I can’t believe I’m writing this.

Seriously, I can’t believe I’d ever write up anything with the title or phrase within: In defense of MTV.

But hey, stranger things have happened and have yet to happen.

So the other night I was at the gym, spinning out on the elliptical and my eyes caught the end of an episode of Catfish TV. From what I gathered, the premise of the show is that these two guys who host it get emails from people who are involved in online relationships and the hosts investigate to see if the other people involved are real or instead impostors. It’s based on a movie (which is based on a true story).

At first I thought to myself, ah, another way of exploiting and perpetuating the lowest common denominators of American society.

First off, shame on me for casting such an aspersion on people from my high and mighty pillar of virtue.

Second off, my workout was such that it started with five minutes left in the show and ended 20 minutes into the next one. And though I was listening to some rad tunes on my slick iPhone 4, the TV’s subtitles were enabled so I could read the dialogue.

I am generally jaded toward MTV. However, there is some cool stuff to come from it; at least their film department. I have enjoyed a few episodes of Made, Rob & Big, and Liquid Television back in the day when I wasn’t supposed to watch it.
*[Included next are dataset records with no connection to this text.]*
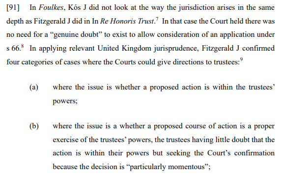Trustees seek directions pursuant to section 133 of the Trusts Act to have the benefit of the protections of section 134 of the Trusts Act.
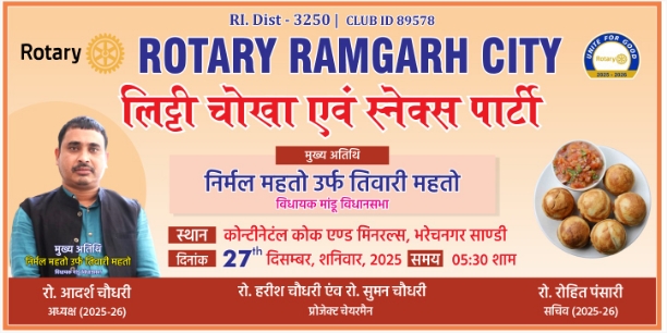 Rotary Ramgarh City Organised a Litti Chokha and Snacks and house o. . .
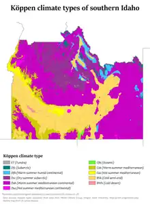 Köppen climate types in southern Idaho
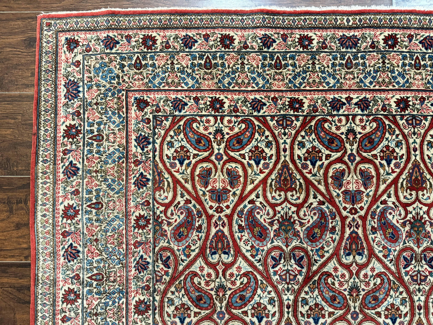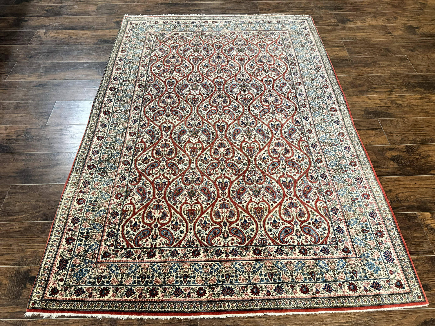 USED Unique Persian Qum Rug 5x7, Repeated Paisely Boteh Design, Ivory Red Blue, Handmade Antique Wool Persian Carpet, Finely Hand Knotted
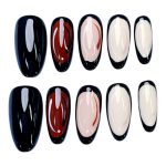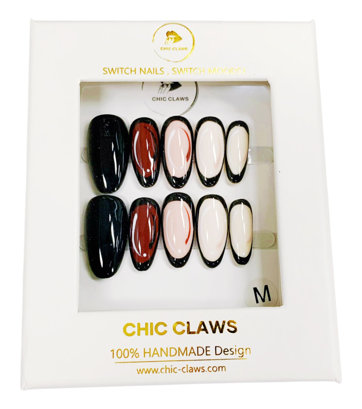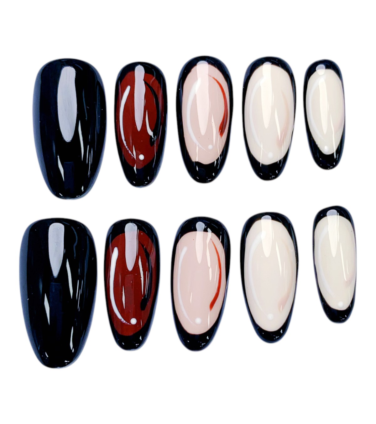 Die Midnight Elegance Nails vereinen tiefe, dunkle Töne mit subtilen Nude- und Rotdetails. Das Design ist sophisticated und gleichzeitig ausdrucksstark, ideal für einen glamourösen Auftritt.
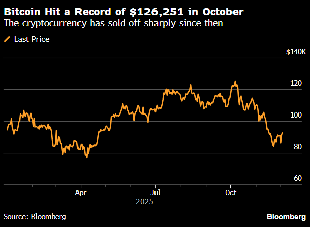 比特币周三延续了刚萌芽的反弹势头,触及两周高点,整个加密货币市场都在寻求从持续数周的下跌中持续回升。比特币一度上涨逾2.5%,逼近94,000美元,创11月17日以来的盘中高位。以太坊和其他主要代币也小幅上涨。近期跌得鼻青脸肿的数字资产市场仍未站稳脚跟。这轮下跌始于10月初,比特币刚创下逾12.6万美元的历史新高没几天的时候,加密货币市值自那以来缩水了超过1万亿美元。“我们并未在上方看到大量买家,”FalconX亚太区衍生品交易主管Sean McNulty表示。“市场情绪依然脆弱。”
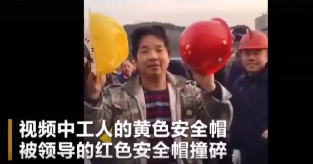 ▲視頻里,一位工人將手中兩種不一樣的安全帽對撞。其中,工人佩戴的黃色安全帽破裂,而“領導佩戴”的紅色安全帽完好無損。
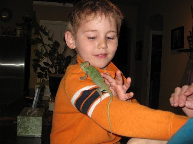 Thanks for all of the replies. After weeks of my wife hand feeding Cami she has fully recuperated. She was giving here daily injections of calcium with a syringe. She would lick it right from the end. She even took water through a syringe it was so neat to watch her drinking the water. Only thing now is she can't stand eating crickets. She only wants meal worms. She loves the huge ones too. She will eat 10 a day if you let her. She molted last week in 2 days total. When we got her it took her over a week to molt. I am guessing this is a sign of health. Attached are some pictures with Chami and my son Brayson. Thanks to everyone who replied to us.

Anyway, as the next episode ramped up, I found myself getting hooked. The story was of a lad in upstate New York who was corresponding via Facebook with an apparent model in L.A. Shortly after he and his girlfriend broke up, this west coast gal contacted him. They seemed to hit it off, as only one could via FB messaging, and it wasn’t long before “I love you’s” were exchanged. NY fella wanted to meet west coast gal but was afraid this situation was too good to be true so he contacted the Catfish folks for help.

It really is an interesting drama to see play out, and I’d easily recommend it to any of you. It’s easy viewing and gripping drama – especially when it reaches its climax. I was so hooked I extended my workout another 40 minutes so I could see the whole show.

And it was toward the bottom of the hour when it hit me – MTV is still indeed music television.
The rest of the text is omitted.